*** Opening of DATA LISTING ***

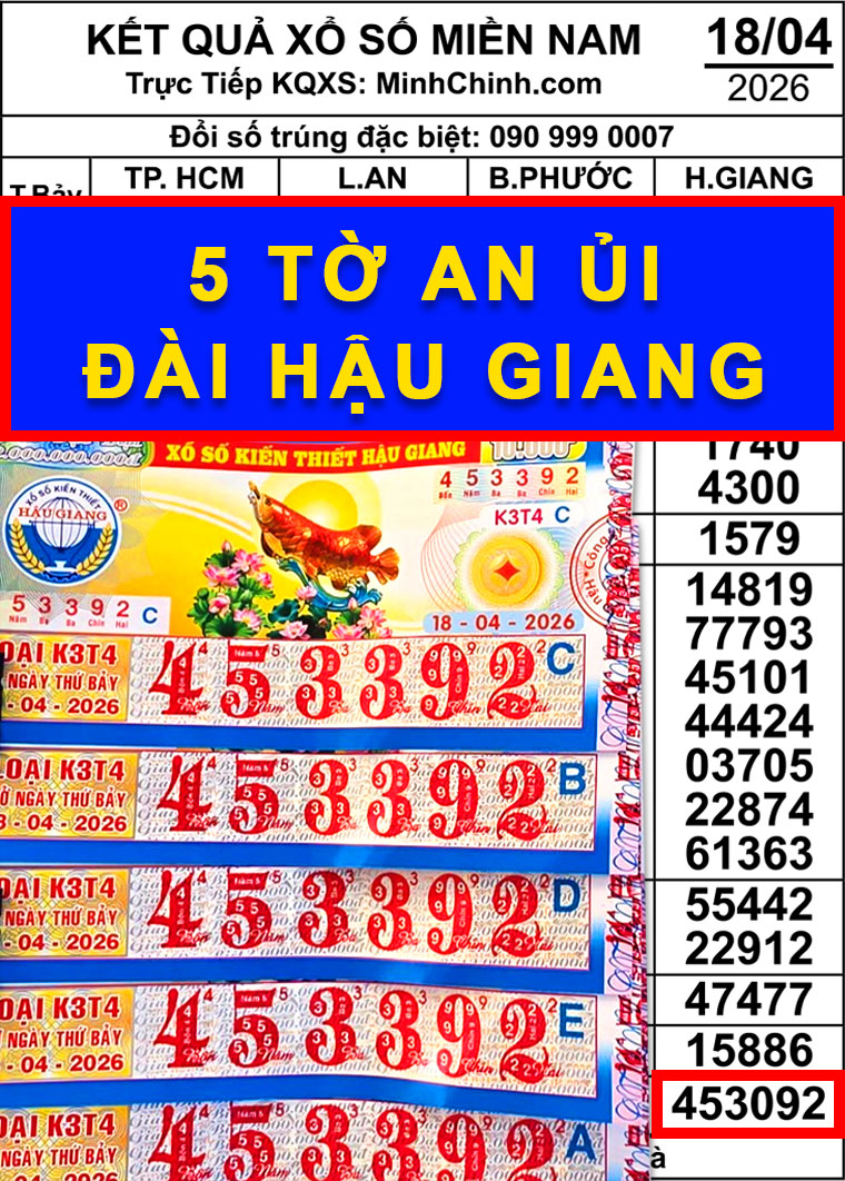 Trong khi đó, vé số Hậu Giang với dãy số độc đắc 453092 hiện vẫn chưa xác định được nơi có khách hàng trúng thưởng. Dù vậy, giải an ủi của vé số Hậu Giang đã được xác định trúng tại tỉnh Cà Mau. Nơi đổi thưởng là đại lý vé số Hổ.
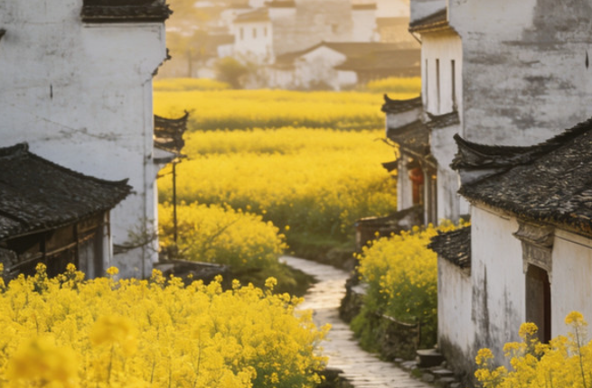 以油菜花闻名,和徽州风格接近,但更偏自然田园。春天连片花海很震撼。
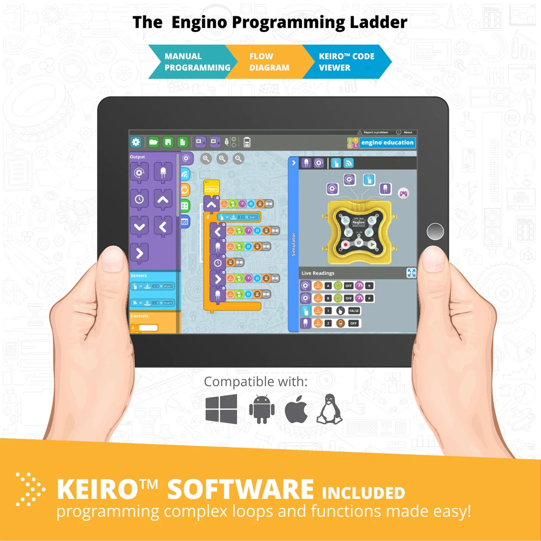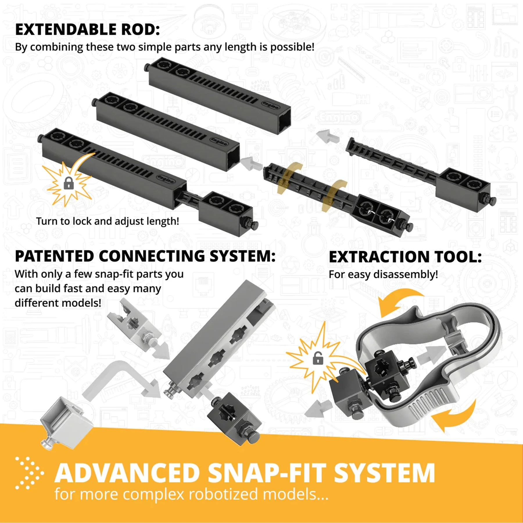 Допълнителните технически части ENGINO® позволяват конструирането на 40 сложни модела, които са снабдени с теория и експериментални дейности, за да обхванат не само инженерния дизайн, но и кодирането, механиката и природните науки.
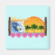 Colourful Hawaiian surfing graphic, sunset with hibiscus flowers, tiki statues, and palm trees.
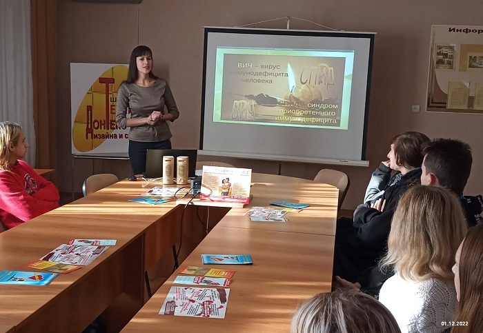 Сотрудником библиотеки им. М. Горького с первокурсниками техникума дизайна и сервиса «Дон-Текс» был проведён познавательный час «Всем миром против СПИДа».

*** Close of DATA LISTING ***
*** Opening of DATA LISTING ***

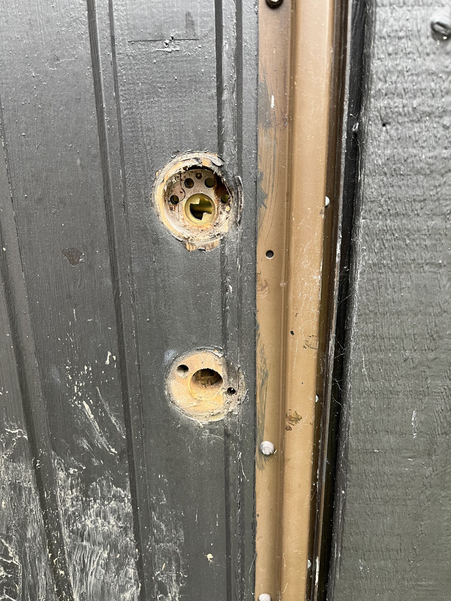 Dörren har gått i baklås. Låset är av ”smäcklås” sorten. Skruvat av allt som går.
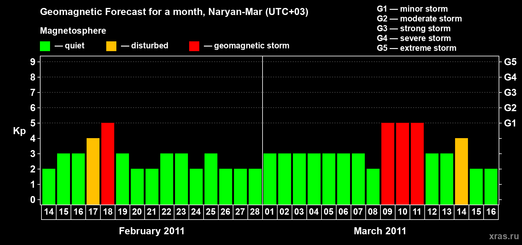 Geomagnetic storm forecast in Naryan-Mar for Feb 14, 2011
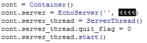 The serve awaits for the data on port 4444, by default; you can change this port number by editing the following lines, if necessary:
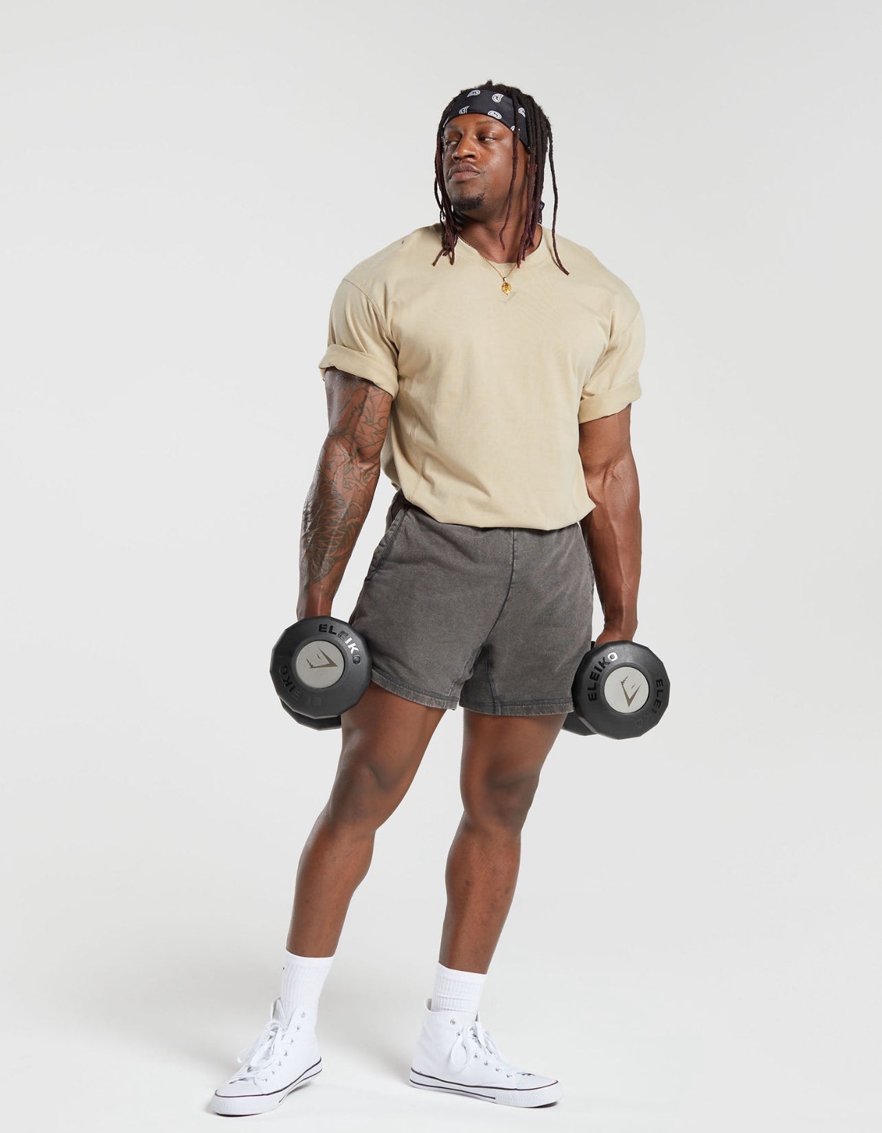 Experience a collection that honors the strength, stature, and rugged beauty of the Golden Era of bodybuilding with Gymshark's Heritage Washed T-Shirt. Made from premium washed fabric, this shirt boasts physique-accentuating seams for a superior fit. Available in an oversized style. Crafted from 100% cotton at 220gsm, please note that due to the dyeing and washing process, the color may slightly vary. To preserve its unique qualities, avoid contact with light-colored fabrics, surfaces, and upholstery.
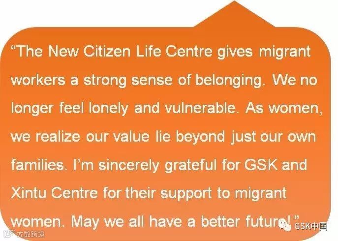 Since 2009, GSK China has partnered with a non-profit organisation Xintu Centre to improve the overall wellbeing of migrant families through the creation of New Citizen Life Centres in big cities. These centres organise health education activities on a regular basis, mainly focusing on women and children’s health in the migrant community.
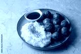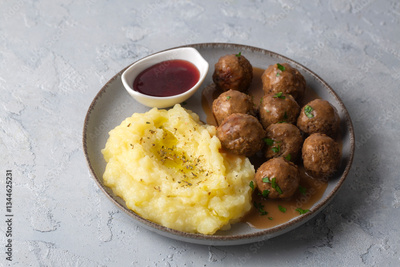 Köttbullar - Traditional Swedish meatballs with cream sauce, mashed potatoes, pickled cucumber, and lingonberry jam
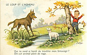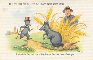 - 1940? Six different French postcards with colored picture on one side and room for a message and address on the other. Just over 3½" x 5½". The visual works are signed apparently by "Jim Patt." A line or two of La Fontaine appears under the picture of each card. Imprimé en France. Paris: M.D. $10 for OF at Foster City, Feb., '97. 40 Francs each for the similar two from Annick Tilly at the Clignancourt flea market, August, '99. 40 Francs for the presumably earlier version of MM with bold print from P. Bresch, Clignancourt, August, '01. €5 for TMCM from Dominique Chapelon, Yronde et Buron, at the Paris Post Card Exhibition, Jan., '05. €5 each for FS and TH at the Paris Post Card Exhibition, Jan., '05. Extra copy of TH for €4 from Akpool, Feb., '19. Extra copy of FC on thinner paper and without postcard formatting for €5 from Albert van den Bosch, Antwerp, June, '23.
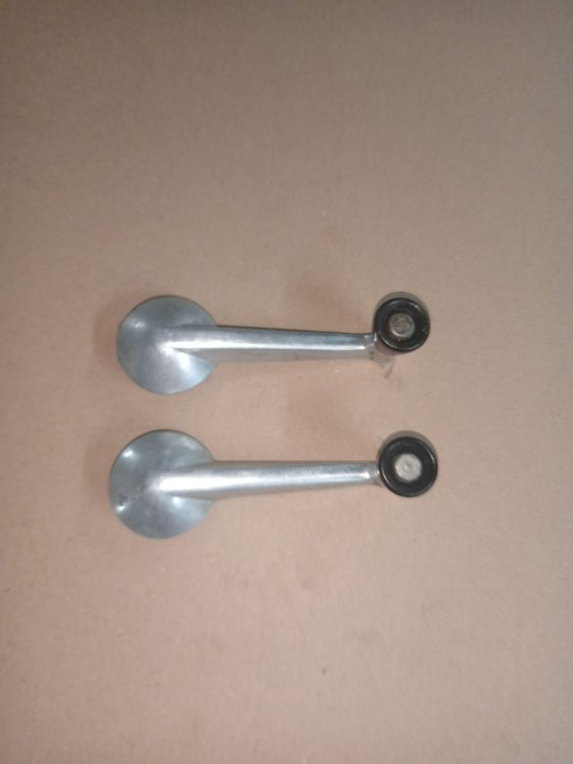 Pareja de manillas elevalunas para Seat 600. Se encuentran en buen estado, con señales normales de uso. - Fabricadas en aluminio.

*** Close of DATA LISTING ***

• ASSIGNED TASK
Reproduce, word for word, only the lines in the records above from the line with "Colourful Hawaiian surfing" through the line with "Сотрудником библиотеки им.", including both ends; omit the pictures.

• RESULT FOR THIS EXERCISE
 Colourful Hawaiian surfing graphic, sunset with hibiscus flowers, tiki statues, and palm trees.
 Сотрудником библиотеки им. М. Горького с первокурсниками техникума дизайна и сервиса «Дон-Текс» был проведён познавательный час «Всем миром против СПИДа».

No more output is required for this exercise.